### Exercise data

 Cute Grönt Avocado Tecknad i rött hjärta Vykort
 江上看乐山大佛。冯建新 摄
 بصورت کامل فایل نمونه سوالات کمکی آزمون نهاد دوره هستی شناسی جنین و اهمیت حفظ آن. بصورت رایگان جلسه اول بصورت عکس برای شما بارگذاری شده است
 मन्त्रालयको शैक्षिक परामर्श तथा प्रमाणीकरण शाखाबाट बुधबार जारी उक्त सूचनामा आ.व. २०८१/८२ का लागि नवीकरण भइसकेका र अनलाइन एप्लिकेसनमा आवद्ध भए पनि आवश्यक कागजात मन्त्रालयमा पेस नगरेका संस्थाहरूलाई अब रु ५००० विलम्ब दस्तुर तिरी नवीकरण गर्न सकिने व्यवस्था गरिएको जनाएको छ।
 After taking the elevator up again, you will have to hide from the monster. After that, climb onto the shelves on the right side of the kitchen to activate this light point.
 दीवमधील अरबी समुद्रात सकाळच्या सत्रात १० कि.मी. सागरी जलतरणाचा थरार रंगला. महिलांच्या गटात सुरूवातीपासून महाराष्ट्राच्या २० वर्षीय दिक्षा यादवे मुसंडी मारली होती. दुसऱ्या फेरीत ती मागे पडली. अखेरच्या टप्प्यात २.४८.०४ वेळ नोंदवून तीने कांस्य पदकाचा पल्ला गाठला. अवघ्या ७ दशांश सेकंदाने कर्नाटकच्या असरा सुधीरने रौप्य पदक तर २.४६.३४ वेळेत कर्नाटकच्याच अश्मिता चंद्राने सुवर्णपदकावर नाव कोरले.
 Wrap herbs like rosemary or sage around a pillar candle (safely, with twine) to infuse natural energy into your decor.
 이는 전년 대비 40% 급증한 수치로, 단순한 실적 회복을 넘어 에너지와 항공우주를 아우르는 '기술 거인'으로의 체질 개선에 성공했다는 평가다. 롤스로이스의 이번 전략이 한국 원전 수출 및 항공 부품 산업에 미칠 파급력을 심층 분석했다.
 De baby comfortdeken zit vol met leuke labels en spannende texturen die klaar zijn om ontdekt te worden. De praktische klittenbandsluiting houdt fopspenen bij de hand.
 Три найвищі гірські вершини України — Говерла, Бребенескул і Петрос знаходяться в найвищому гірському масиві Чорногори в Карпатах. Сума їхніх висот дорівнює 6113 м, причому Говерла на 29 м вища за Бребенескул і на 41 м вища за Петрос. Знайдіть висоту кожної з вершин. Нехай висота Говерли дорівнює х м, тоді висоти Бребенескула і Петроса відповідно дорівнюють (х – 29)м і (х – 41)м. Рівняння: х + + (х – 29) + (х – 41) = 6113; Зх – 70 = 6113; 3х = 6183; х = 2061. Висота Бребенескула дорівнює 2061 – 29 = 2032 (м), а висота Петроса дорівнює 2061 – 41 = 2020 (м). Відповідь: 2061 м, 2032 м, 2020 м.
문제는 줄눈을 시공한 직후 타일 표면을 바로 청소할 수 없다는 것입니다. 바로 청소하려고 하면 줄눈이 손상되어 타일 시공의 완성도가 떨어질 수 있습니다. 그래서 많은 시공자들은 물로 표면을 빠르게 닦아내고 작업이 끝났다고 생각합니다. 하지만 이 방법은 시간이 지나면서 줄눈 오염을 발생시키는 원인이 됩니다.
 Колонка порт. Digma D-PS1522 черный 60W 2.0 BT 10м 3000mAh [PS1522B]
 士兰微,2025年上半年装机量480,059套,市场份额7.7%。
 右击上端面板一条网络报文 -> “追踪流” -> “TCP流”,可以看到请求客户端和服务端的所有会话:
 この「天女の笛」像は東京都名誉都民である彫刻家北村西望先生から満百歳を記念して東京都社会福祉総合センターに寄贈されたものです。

### Problem
Print every record exactly as written.

### Written answer
 Cute Grönt Avocado Tecknad i rött hjärta Vykort
 江上看乐山大佛。冯建新 摄
 بصورت کامل فایل نمونه سوالات کمکی آزمون نهاد دوره هستی شناسی جنین و اهمیت حفظ آن. بصورت رایگان جلسه اول بصورت عکس برای شما بارگذاری شده است
 मन्त्रालयको शैक्षिक परामर्श तथा प्रमाणीकरण शाखाबाट बुधबार जारी उक्त सूचनामा आ.व. २०८१/८२ का लागि नवीकरण भइसकेका र अनलाइन एप्लिकेसनमा आवद्ध भए पनि आवश्यक कागजात मन्त्रालयमा पेस नगरेका संस्थाहरूलाई अब रु ५००० विलम्ब दस्तुर तिरी नवीकरण गर्न सकिने व्यवस्था गरिएको जनाएको छ।
 After taking the elevator up again, you will have to hide from the monster. After that, climb onto the shelves on the right side of the kitchen to activate this light point.
 दीवमधील अरबी समुद्रात सकाळच्या सत्रात १० कि.मी. सागरी जलतरणाचा थरार रंगला. महिलांच्या गटात सुरूवातीपासून महाराष्ट्राच्या २० वर्षीय दिक्षा यादवे मुसंडी मारली होती. दुसऱ्या फेरीत ती मागे पडली. अखेरच्या टप्प्यात २.४८.०४ वेळ नोंदवून तीने कांस्य पदकाचा पल्ला गाठला. अवघ्या ७ दशांश सेकंदाने कर्नाटकच्या असरा सुधीरने रौप्य पदक तर २.४६.३४ वेळेत कर्नाटकच्याच अश्मिता चंद्राने सुवर्णपदकावर नाव कोरले.
 Wrap herbs like rosemary or sage around a pillar candle (safely, with twine) to infuse natural energy into your decor.
 이는 전년 대비 40% 급증한 수치로, 단순한 실적 회복을 넘어 에너지와 항공우주를 아우르는 '기술 거인'으로의 체질 개선에 성공했다는 평가다. 롤스로이스의 이번 전략이 한국 원전 수출 및 항공 부품 산업에 미칠 파급력을 심층 분석했다.
 De baby comfortdeken zit vol met leuke labels en spannende texturen die klaar zijn om ontdekt te worden. De praktische klittenbandsluiting houdt fopspenen bij de hand.
 Три найвищі гірські вершини України — Говерла, Бребенескул і Петрос знаходяться в найвищому гірському масиві Чорногори в Карпатах. Сума їхніх висот дорівнює 6113 м, причому Говерла на 29 м вища за Бребенескул і на 41 м вища за Петрос. Знайдіть висоту кожної з вершин. Нехай висота Говерли дорівнює х м, тоді висоти Бребенескула і Петроса відповідно дорівнюють (х – 29)м і (х – 41)м. Рівняння: х + + (х – 29) + (х – 41) = 6113; Зх – 70 = 6113; 3х = 6183; х = 2061. Висота Бребенескула дорівнює 2061 – 29 = 2032 (м), а висота Петроса дорівнює 2061 – 41 = 2020 (м). Відповідь: 2061 м, 2032 м, 2020 м.
문제는 줄눈을 시공한 직후 타일 표면을 바로 청소할 수 없다는 것입니다. 바로 청소하려고 하면 줄눈이 손상되어 타일 시공의 완성도가 떨어질 수 있습니다. 그래서 많은 시공자들은 물로 표면을 빠르게 닦아내고 작업이 끝났다고 생각합니다. 하지만 이 방법은 시간이 지나면서 줄눈 오염을 발생시키는 원인이 됩니다.
 Колонка порт. Digma D-PS1522 черный 60W 2.0 BT 10м 3000mAh [PS1522B]
 士兰微,2025年上半年装机量480,059套,市场份额7.7%。
 右击上端面板一条网络报文 -> “追踪流” -> “TCP流”,可以看到请求客户端和服务端的所有会话:
 この「天女の笛」像は東京都名誉都民である彫刻家北村西望先生から満百歳を記念して東京都社会福祉総合センターに寄贈されたものです。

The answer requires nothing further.